■ **TASK TO CARRY OUT**
Without including any images, please transcribe all the lines below exactly.

■ **EXERCISE DATA**
-*-

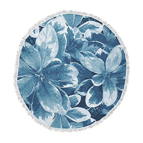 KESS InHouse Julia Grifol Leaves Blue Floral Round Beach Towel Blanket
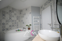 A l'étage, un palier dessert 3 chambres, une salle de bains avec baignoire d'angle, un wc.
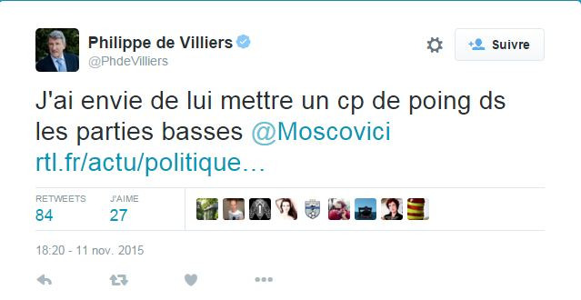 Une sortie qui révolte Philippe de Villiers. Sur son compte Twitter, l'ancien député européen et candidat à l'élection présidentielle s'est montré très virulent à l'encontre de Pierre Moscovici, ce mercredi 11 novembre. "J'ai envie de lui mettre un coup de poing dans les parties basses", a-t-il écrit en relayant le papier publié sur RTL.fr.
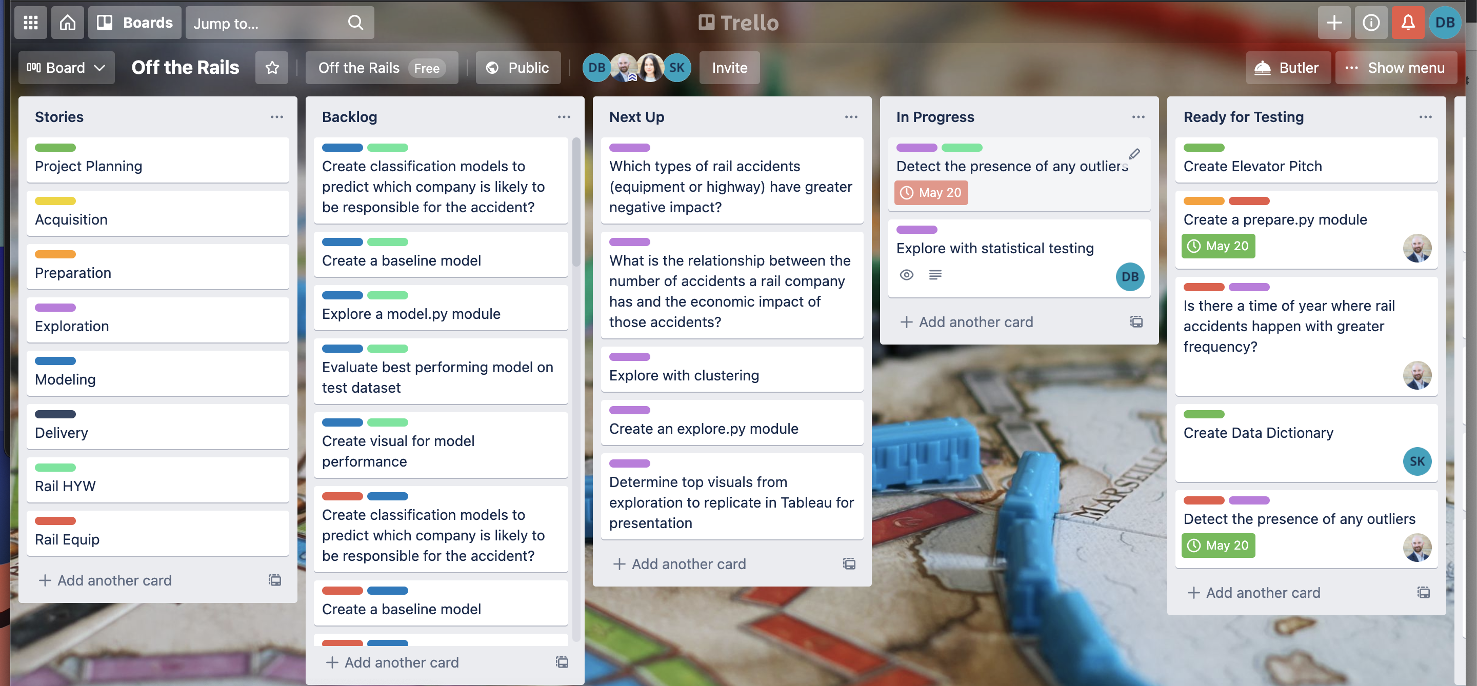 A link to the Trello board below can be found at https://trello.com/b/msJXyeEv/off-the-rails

-*-

■ **RESULT OF THIS TASK**
 KESS InHouse Julia Grifol Leaves Blue Floral Round Beach Towel Blanket
 A l'étage, un palier dessert 3 chambres, une salle de bains avec baignoire d'angle, un wc.
 Une sortie qui révolte Philippe de Villiers. Sur son compte Twitter, l'ancien député européen et candidat à l'élection présidentielle s'est montré très virulent à l'encontre de Pierre Moscovici, ce mercredi 11 novembre. "J'ai envie de lui mettre un coup de poing dans les parties basses", a-t-il écrit en relayant le papier publié sur RTL.fr.
 A link to the Trello board below can be found at https://trello.com/b/msJXyeEv/off-the-rails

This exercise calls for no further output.